Scott Burchill, Fairfax National Times, 30 June:
It is not a ”privilege” to talk to the US President with our troops at war.
The primary goal of the US lobby in Australia is to insulate the alliance from changes of government after elections and leadership movements within the major political parties. Bipartisan support for the US alliance cannot always be assumed, however, so strategies are devised to raise the strategic aspects of the relationship above the fray of domestic politics in both countries.
During the Second Gulf War, Washington’s boosters in the Australian media sought to quarantine the alliance from widespread public hostility to George Bush. So, Labor leader Mark Latham could get away with describing Bush as ”the most incompetent and dangerous president in living memory”. But his questioning in his diaries of the value of the alliance confirmed for Australia’s US lobby that he was unfit for high office.
The Australian American Leadership Dialogue meets annually (alternately in the US and Australia). It’s an invitation-only bipartisan group of politicians, journalists, academics and businessmen who work to preserve and protect the bilateral relationship from criticism and challenges. Its deliberations are not made public.
One of the group’s primary aims is to socialise contemporary and future leaders into accepting the incontrovertible importance of the alliance. In the past week, the group has had good reason to believe that its investment in Julia Gillard – who has been attending its meetings for several years – has paid off.
In one of her first policy statements as Prime Minister, a remarkably obsequious Gillard told US President Barack Obama it was a ”great honour and privilege” just to talk to him. She then ”reassured” the President of her fidelity to the alliance, and gave him Australia’s continuing support for the military campaign in Afghanistan. Kevin Rudd may be gone, but his approach to the longest war in Australia’s history would not be changed by his successor.
To say that the conversation Gillard had with Obama was a missed opportunity does not fully capture the folly of her first foreign policy utterance as Prime Minister.
Three points stand out.
First, popular support in Australia for the Afghan war has collapsed. Depending on which poll you read, either 54 per cent (Lowy) or 61 per cent (Essential Media) of the population oppose continuing military involvement in Afghanistan and want Australian troops withdrawn.
These views have no representation in the lower house of the Federal Parliament. They are not even considered by the new Prime Minister to be a factor that qualifies Australia’s participation in the war. Gillard’s reflexive support may reassure Washington that she is ”sound” on national security – that the ”informal bar” on someone from the Left becoming Prime Minister could be lifted, to quote one lobbyist. However, it fundamentally betrays the wishes of the people she now represents.
In response to findings that 55 per cent of Australians are not confident that Australia has clear aims in Afghanistan (Lowy poll), former Labor senator Stephen Loosley reportedly said that ”as long as [there is] bipartisan support for [Australia’s] Afghanistan contribution in Canberra, declining popular support for Afghan conflict is not an issue”.
This is a perfect illustration of elite disdain for public opinion.

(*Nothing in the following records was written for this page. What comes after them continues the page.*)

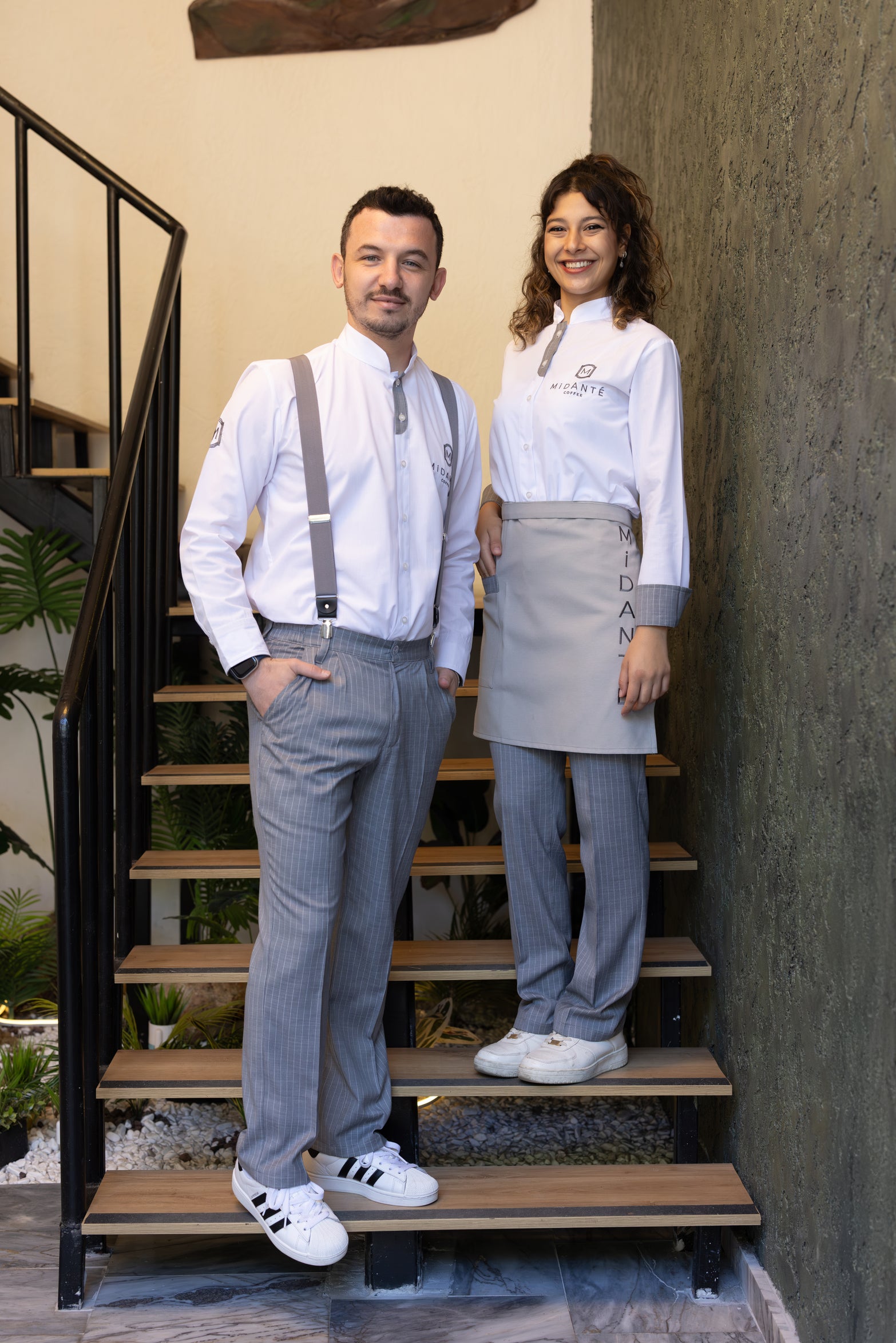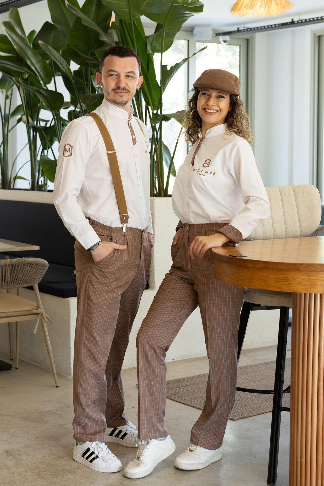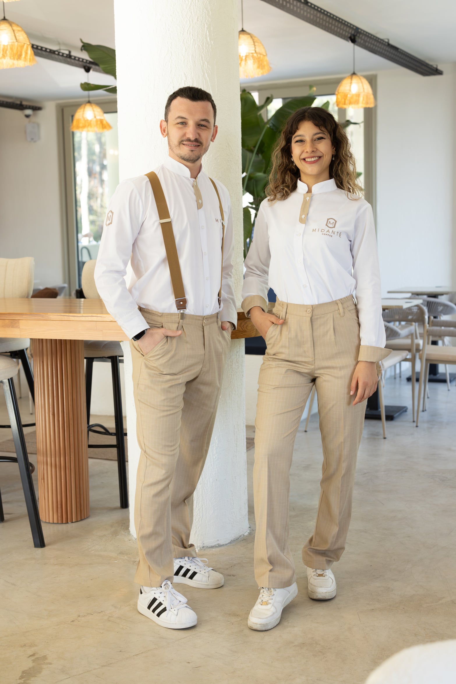 Gusto Takım, işletmenizin kurumsal duruşunu güçlendiren modern unisex uniforma koleksiyonudur. Tarçın, orta gri, bej ve siyah çizgili olmak üzere dört farklı renkte sunulur. Kadın modelleri etek veya pantolon seçenekleriyle, erkek modelleri ise askı aksesuarıyla tamamlanır. Şık dokulu kumaşı, rahat kalıbı ve logonuzla özelleştirilebilir yapısıyla restoran, kafe, otel ve butik işletmeler için mükemmel bir profesyonel çözüm sunar.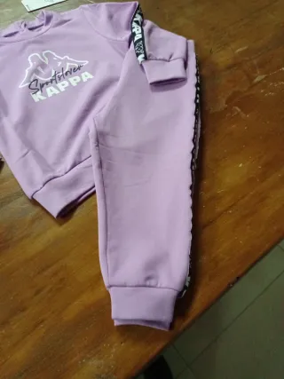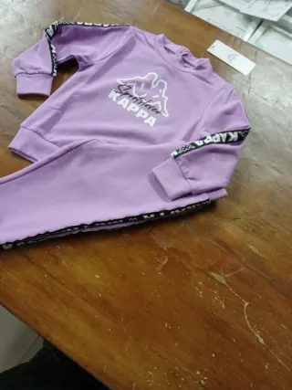 Bellissimo completo Kappa per bambina di 24 mesi, colore lilla. Super trendy 😍 in morbido cotone garzato. - Logo Kappa stampato sul davanti. - Banda con logo Kappa sulle maniche e sui pantaloni. - Realizzata in cotone.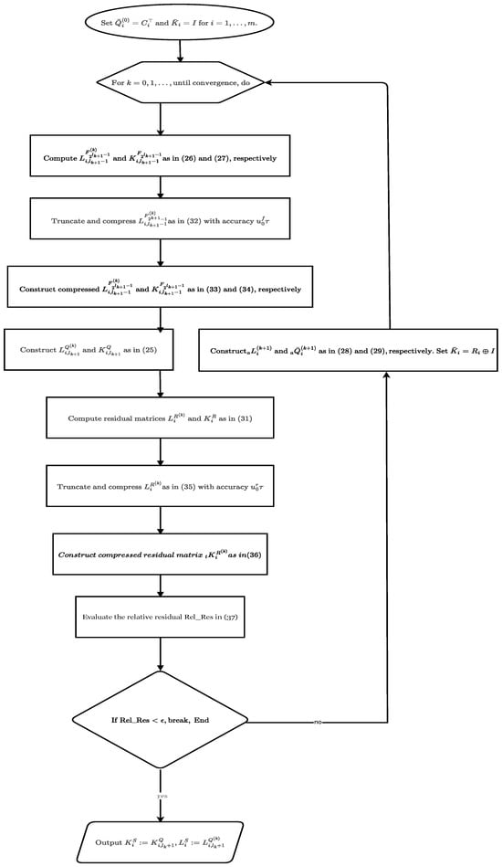 The key to applying Newton’s method to large-scale CDARE (1) lies in efficiently computing the solution of large-scale coupled Stein equations (CSEs). Recently, a novel operator Smith algorithm (OSA) was introduced for solving CSEs with SPSD constant matrices [20]. This method interprets the coupling unknowns as operator-valued expressions and employs a doubling strategy to accelerate the iteration, demonstrating well-behaved numerical performance on large-scale problems. Another approach to handling large-scale CSEs with low-rank structure is to represent the low-rank matrix in the HODLR structured form [21,22]. However, after performing matrix operations with sparse matrices, the HODLR-structured matrix requires restructuring; otherwise, the dense matrix will not be adapted to large-scale computations.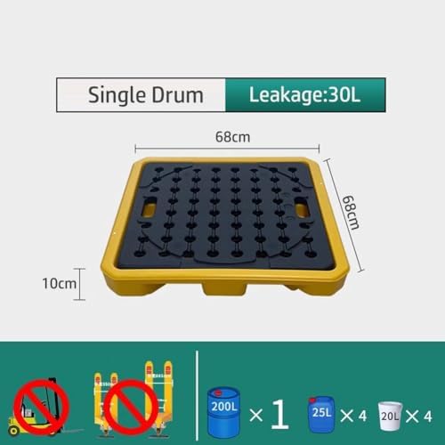 The modular spill containment pallet is the ideal solution for effectively containing spills. Thanks to its seamless construction and integrated drip tray, this pallet ensures reliable spill protection, safeguarding your work area from potential contamination and the associated fines. The user-friendly design includes a removable deck rack, making cleaning effortless and ensuring a safe and compliant working environment. This versatile spill containment pallet is perfect for a variety of applications, including industrial parks, warehouses, and aquaculture water storage facilities. Made from robust polyethylene, it is designed to withstand the rigors of daily use and maintain its stability over time. Available in three convenient sizes, each with specific dimensions to meet your needs, this spill containment pallet also boasts an attractive, colorfast yellow and black design. Waterproof, wear-resistant, and cold-resistant, the modular spill containment pallet guarantees optimal performance in a wide range of conditions. Its high load-bearing capacity varies depending on the size, allowing you to select the perfect option for your operational requirements. Additional features include detachability, foldability, and a lifting function, optimizing functionality for storage and transport. With the modular spill containment pallet, you are investing in a reliable solution for containing spills, prioritizing safety and efficiency. Each package contains one spill containment pallet, making it a valuable addition to your safety measures. Protect the environment and comply with all regulations with this01al tool for any industrial application.

No wonder the same poll found that 69 per cent believe the government pays too little attention to their views ”in comparison to the opinions of foreign policy experts”.
Second, the vigorous discussion of the war now taking place in the US media and inside Washington’s is not mirrored here. This is largely the government’s fault. For a war that seems unwinnable and futile to so many Australians, the absence of an equally vibrant debate in this country is an indictment of our democratic processes. What are our politicians so frightened of?
The forensic examination of tactics, personalities, operations and the Taliban – which can be found across the US press every day – is almost entirely missing from the Australian media. It is only when tragedy strikes and casualties increase that analysis rises briefly above the superficial. Comparisons with the Vietnam War could not be more striking. Third, the humiliating departure of General Stanley McChrystal provided the opportunity to ask Obama critical questions – and leverage Canberra’s support against more definitive criteria.
We could be asking : What are your war aims? When will they be achieved? What are your criteria for ”success” in Afghanistan? What is the exit strategy? Instead, Gillard rushed to ”reassure” Obama (as if he needed it) that Australia would continue to be an uncritical ally in a war the public opposes. It’s an inauspicious start in diplomacy for our new Prime Minister.